§ Task statement
Repeat, exactly as written, the lines of the records below from the first through the line with "圖:舉重冠軍張湘祥吻過的杠鈴", but none past it.

————————

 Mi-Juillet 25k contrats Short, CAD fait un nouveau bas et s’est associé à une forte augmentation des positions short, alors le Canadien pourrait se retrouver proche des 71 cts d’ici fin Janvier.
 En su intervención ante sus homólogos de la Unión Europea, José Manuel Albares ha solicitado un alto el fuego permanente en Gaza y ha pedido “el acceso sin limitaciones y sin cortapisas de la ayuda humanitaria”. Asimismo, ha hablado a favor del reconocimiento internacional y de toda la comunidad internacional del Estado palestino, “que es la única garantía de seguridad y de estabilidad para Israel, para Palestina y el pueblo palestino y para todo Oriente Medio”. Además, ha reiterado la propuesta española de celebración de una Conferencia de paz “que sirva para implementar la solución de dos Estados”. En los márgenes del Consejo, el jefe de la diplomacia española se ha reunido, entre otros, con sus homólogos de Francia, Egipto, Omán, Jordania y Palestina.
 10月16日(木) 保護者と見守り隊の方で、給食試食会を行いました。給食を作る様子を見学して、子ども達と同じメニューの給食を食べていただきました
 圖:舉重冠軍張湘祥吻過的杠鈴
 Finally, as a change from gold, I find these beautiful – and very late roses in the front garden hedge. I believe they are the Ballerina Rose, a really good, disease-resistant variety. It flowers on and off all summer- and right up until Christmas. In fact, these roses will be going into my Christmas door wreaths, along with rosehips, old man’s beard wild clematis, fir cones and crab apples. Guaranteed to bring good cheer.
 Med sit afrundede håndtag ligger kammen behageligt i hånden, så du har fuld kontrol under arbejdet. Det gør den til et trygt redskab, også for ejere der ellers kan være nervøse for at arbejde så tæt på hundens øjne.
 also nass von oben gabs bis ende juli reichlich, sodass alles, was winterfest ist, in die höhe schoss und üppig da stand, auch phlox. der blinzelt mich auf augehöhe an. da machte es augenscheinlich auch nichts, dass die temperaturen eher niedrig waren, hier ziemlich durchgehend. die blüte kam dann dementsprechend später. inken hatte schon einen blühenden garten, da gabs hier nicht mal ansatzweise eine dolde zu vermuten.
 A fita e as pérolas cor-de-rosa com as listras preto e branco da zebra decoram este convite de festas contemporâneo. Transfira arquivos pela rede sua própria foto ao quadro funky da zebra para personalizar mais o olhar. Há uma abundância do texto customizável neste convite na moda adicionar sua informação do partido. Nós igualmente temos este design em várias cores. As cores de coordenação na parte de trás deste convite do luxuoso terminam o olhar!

————————

§ Exercise result
 Mi-Juillet 25k contrats Short, CAD fait un nouveau bas et s’est associé à une forte augmentation des positions short, alors le Canadien pourrait se retrouver proche des 71 cts d’ici fin Janvier.
 En su intervención ante sus homólogos de la Unión Europea, José Manuel Albares ha solicitado un alto el fuego permanente en Gaza y ha pedido “el acceso sin limitaciones y sin cortapisas de la ayuda humanitaria”. Asimismo, ha hablado a favor del reconocimiento internacional y de toda la comunidad internacional del Estado palestino, “que es la única garantía de seguridad y de estabilidad para Israel, para Palestina y el pueblo palestino y para todo Oriente Medio”. Además, ha reiterado la propuesta española de celebración de una Conferencia de paz “que sirva para implementar la solución de dos Estados”. En los márgenes del Consejo, el jefe de la diplomacia española se ha reunido, entre otros, con sus homólogos de Francia, Egipto, Omán, Jordania y Palestina.
 10月16日(木) 保護者と見守り隊の方で、給食試食会を行いました。給食を作る様子を見学して、子ども達と同じメニューの給食を食べていただきました
 圖:舉重冠軍張湘祥吻過的杠鈴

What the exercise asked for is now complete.